(Extracted records)
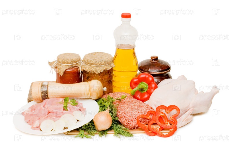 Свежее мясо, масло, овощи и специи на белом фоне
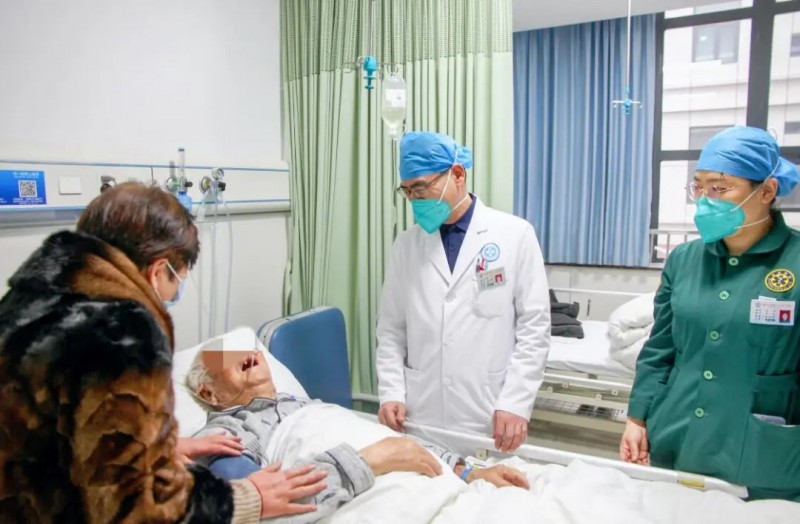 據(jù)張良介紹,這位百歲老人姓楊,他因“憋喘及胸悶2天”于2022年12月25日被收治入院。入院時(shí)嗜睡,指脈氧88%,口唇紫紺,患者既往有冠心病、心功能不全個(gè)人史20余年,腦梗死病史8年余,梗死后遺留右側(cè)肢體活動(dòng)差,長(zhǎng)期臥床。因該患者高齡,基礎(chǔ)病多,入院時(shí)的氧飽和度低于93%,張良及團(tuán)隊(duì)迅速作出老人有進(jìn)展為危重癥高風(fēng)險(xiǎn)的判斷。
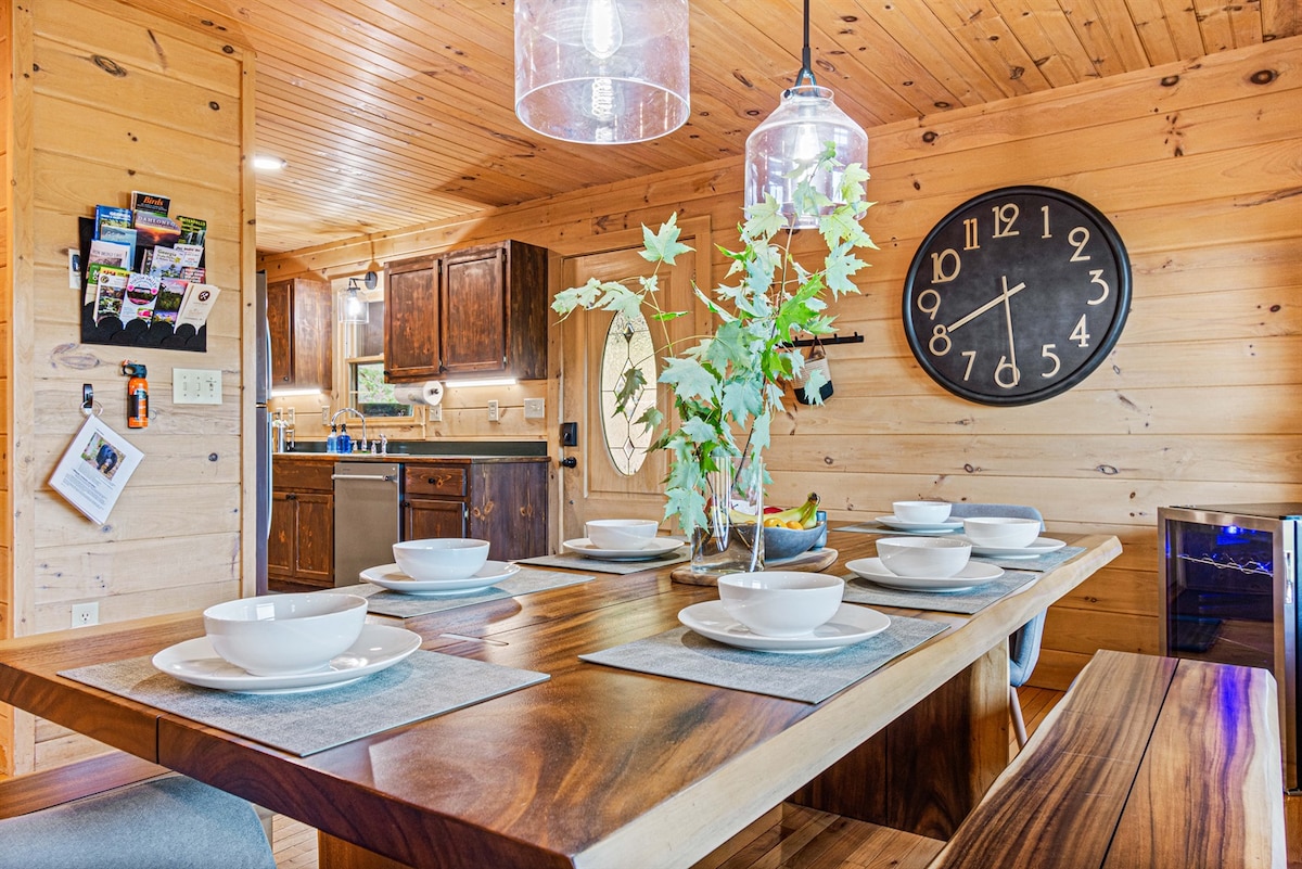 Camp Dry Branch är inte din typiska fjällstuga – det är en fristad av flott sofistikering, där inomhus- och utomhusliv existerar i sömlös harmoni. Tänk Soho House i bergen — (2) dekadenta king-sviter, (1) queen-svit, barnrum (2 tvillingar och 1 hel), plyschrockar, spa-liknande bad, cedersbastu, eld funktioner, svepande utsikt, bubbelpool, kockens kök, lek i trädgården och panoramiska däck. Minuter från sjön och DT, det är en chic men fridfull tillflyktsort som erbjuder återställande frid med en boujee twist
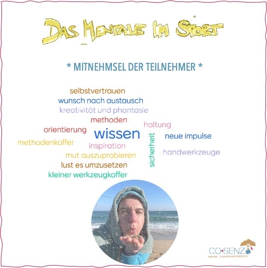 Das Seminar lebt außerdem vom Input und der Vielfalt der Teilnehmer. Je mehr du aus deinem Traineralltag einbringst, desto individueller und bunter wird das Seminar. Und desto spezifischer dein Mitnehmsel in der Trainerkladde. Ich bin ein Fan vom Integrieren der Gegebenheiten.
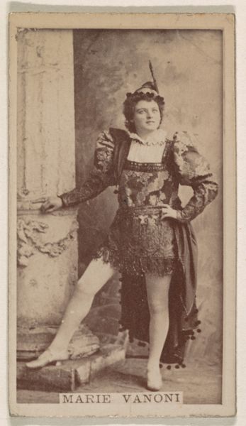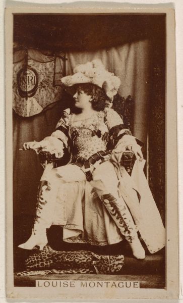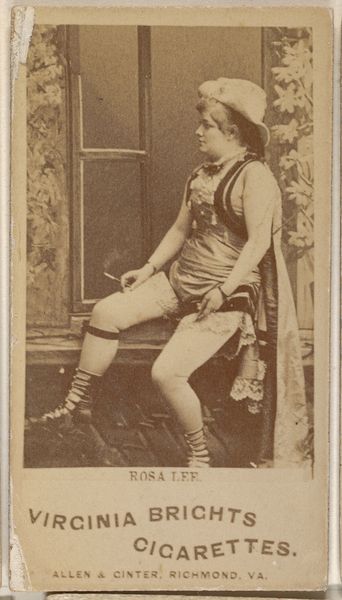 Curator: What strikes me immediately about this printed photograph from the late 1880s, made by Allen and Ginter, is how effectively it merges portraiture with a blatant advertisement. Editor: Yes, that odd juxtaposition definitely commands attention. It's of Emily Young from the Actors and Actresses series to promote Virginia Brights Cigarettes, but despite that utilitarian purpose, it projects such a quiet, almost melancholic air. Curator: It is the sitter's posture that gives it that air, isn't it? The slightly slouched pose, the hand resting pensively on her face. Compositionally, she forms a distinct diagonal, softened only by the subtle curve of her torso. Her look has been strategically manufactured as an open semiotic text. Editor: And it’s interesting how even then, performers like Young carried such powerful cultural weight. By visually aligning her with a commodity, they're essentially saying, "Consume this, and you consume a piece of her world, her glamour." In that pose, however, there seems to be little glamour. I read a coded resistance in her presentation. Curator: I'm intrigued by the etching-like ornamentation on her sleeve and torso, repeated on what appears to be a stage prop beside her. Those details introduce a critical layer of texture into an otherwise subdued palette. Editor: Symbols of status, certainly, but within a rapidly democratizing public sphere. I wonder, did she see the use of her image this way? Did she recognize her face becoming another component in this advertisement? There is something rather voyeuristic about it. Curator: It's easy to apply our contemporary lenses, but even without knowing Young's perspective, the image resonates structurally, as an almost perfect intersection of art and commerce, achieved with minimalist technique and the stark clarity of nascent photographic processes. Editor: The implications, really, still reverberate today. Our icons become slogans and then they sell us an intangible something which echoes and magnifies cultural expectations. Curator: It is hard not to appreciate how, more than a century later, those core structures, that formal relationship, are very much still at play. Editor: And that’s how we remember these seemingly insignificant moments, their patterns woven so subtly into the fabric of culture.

## Work request
Set down the records above exactly as written, beginning with the first line and ending with the line that contains "據(jù)張良介紹,這位百歲", and do not include pictures.

## Output
 Свежее мясо, масло, овощи и специи на белом фоне
 據(jù)張良介紹,這位百歲老人姓楊,他因“憋喘及胸悶2天”于2022年12月25日被收治入院。入院時(shí)嗜睡,指脈氧88%,口唇紫紺,患者既往有冠心病、心功能不全個(gè)人史20余年,腦梗死病史8年余,梗死后遺留右側(cè)肢體活動(dòng)差,長(zhǎng)期臥床。因該患者高齡,基礎(chǔ)病多,入院時(shí)的氧飽和度低于93%,張良及團(tuán)隊(duì)迅速作出老人有進(jìn)展為危重癥高風(fēng)險(xiǎn)的判斷。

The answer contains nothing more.